Protein-bound polysaccharide-K (PSK) induces apoptosis and inhibits proliferation of promyelomonocytic leukemia HL-60 cells.

Protein-bound polysaccharide-K (PSK) is extracted from Coriolus versicolor (CM101), and is clinically used in combination therapy for gastrointestinal cancer and small cell lung carcinoma. PSK is a biological response modifier (BRM), and its mechanism of action is partly mediated, by modulating host immune systems, such as the activation of immune effector cells and the neutralization of transforming growth factor-beta (TGFß) activity. Direct inhibition of tumor cell proliferation has been reported as another mechanism, but how PSK induces such an effect remains to be elucidated. Here, the anti-proliferative activity of PSK was examined using seven different human malignant cell lines (WiDr, HT29, SW480, KATOIII, AGS, HL60 and U937), and PSK was found to inhibit the proliferation of HL-60 cells most profoundly. Therefore, HL-60 cells were used to clarify the mechanism of anti-proliferative activity. Caspase-3 activation followed by apoptosis are involved at least in part in the PSK-induced anti-proliferative activity against HL-60 cells.

A protein-bound polysaccharide, PSK, enhances tumor suppression induced by docetaxel in a gastric cancer xenograft model.

BACKGROUND: We have reported previously that docetaxel (TXT) induces apoptosis and nuclear factor-kappaB (NF-kappaB) activation, and that blockade of NF-kappaB activation augments TXT-induced apoptosis in human gastric cancer cells. In addition, we have also shown that a protein-bound polysaccharide PSK enhances TXT-induced apoptosis through NF-kappaB inhibition in human pancreatic cancer cells. Based on these observations, in the present study the possibility that PSK could enhance TXT-mediated tumor suppression was examined in vivo and in vitro.

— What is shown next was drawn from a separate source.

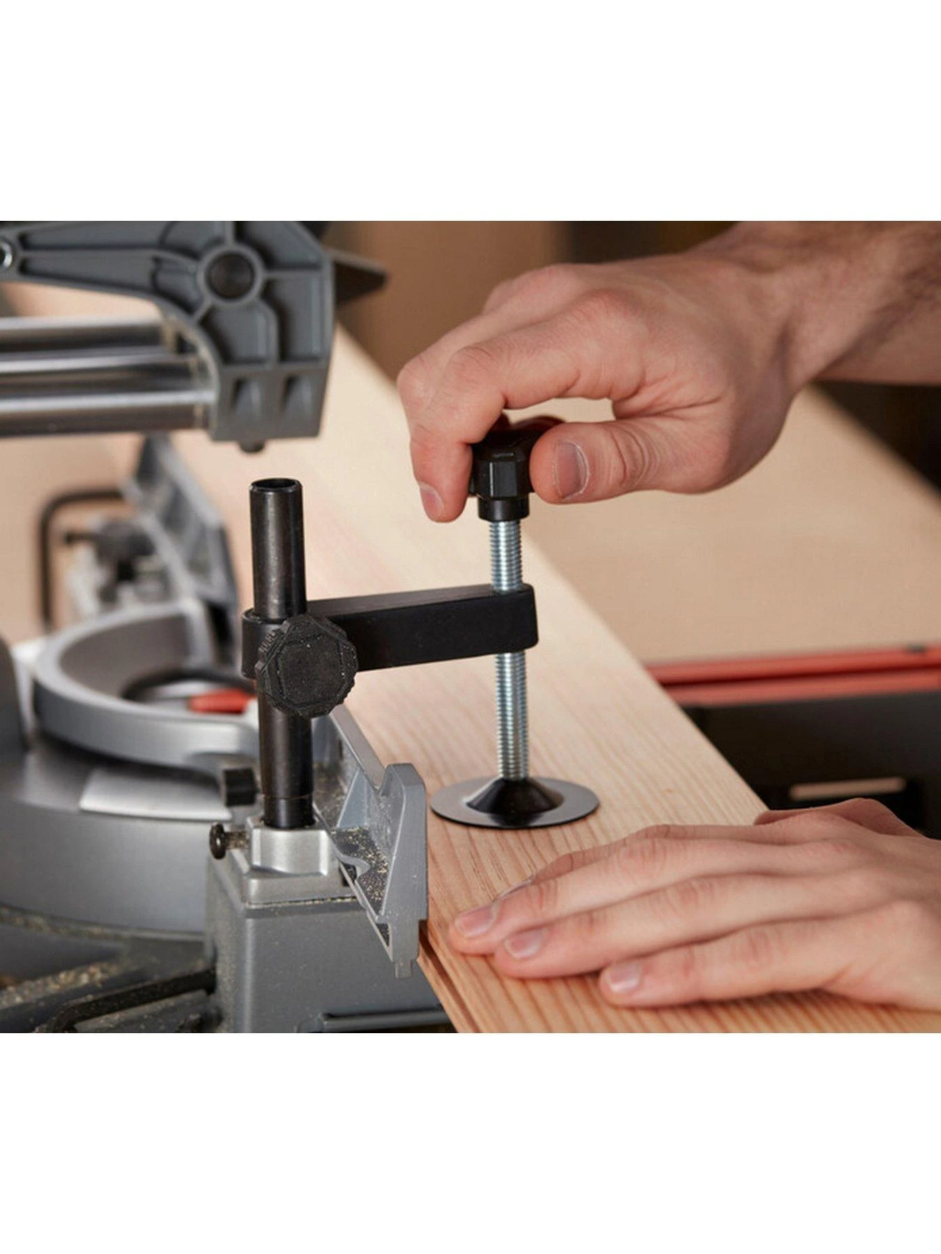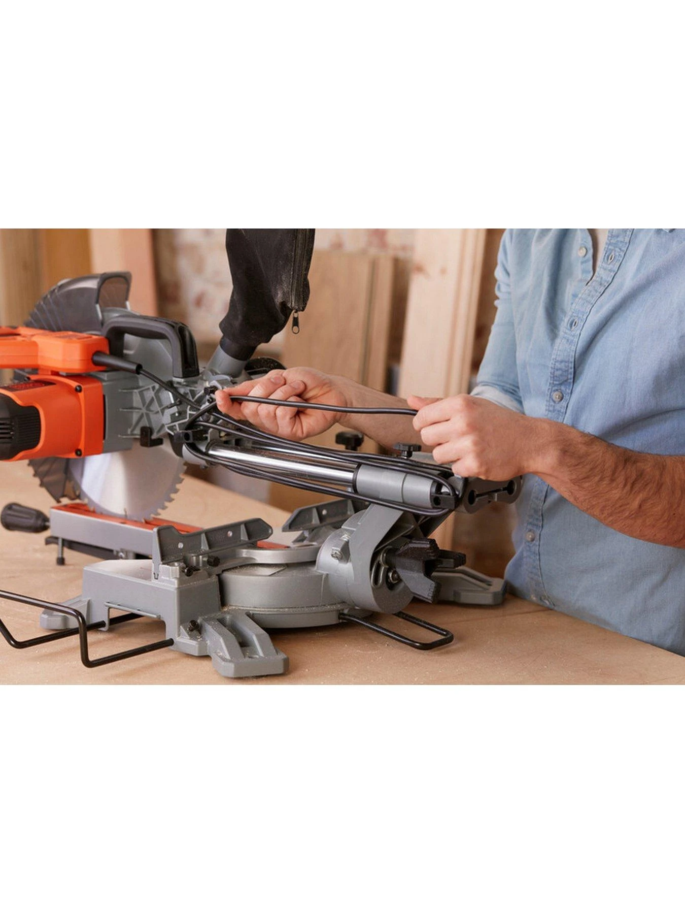 - Mitre saw can also be connected to a workshop vacuum.

MATERIALS AND METHODS: A gastric cancer xenograft model was used to examine the enhanced TXT-mediated tumor suppression by PSK in vivo. The effects of PSK on proliferation and apoptosis induced by TXT in gastric cancer cells were evaluated in vitro using a human gastric cancer cell line, MK-1. The effect of PSK on increased TXT-induced invasion was also measured. RESULTS: PSK enhanced TXT-mediated tumor suppression in vivo. Immunohistochemical analyses of the tumors revealed that TXT increased NF-kappaB activation in the tumors and this was suppressed by PSK. In the ex vivo experimental system, PSK enhanced the growth inhibition and apoptosis induced by TXT in the MK-1 cells and reduced the increased invasive ability induced by TXT. CONCLUSION: PSK enhanced TXT-induced tumor suppression in a gastric cancer xenograft model.

[Effect of PSK on Th1/Th2 balance in tumor-bearing mice].

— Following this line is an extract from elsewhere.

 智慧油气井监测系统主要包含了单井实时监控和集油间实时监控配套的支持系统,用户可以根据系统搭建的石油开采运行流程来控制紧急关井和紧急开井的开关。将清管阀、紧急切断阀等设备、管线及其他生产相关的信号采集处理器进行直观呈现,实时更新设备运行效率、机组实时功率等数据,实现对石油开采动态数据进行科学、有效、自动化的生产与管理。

We investigated the effect of PSK on Th1/Th2 balance in tumor-bearing mice. PSK was intraperitoneally administered to Meth A-bearing BALB/c mice, and PSK caused regression of the Meth A tumor. The results of Winn assay suggested that the effect of PSK was dependent on CD4+T cells. Furthermore, spleen cells were cultured with mitomycin C-treated Meth A, after which the cytokine concentration was measured by ELISA. IFN-gamma production was increased and IL-4 showed almost no change in PSK-administered mice. In another experiment, PSK was orally administered to colon 26-bearing mice in which tumors were inoculated into the subserosal space of the cecum. Mesenteric lymph nodes cells were cultured with mitomycin C-treated colon 26 cells. IFN-gamma production was increased, but not so much as to be statistically significant, and IL-4 was significantly decreased in PSK-administered mice. PSK increased IFN-gamma and IL-12 p70 production and decreased IL-4 production when spleen cells were stimulated with Con A together with PSK in vitro. As suggested from these results, PSK might induce cytokine production that works for Th1 differentiation, and suppress cytokine production that works for Th2 differentiation, and shift the Th1/Th2 balance toward Th1 dominance in tumor-bearing mice.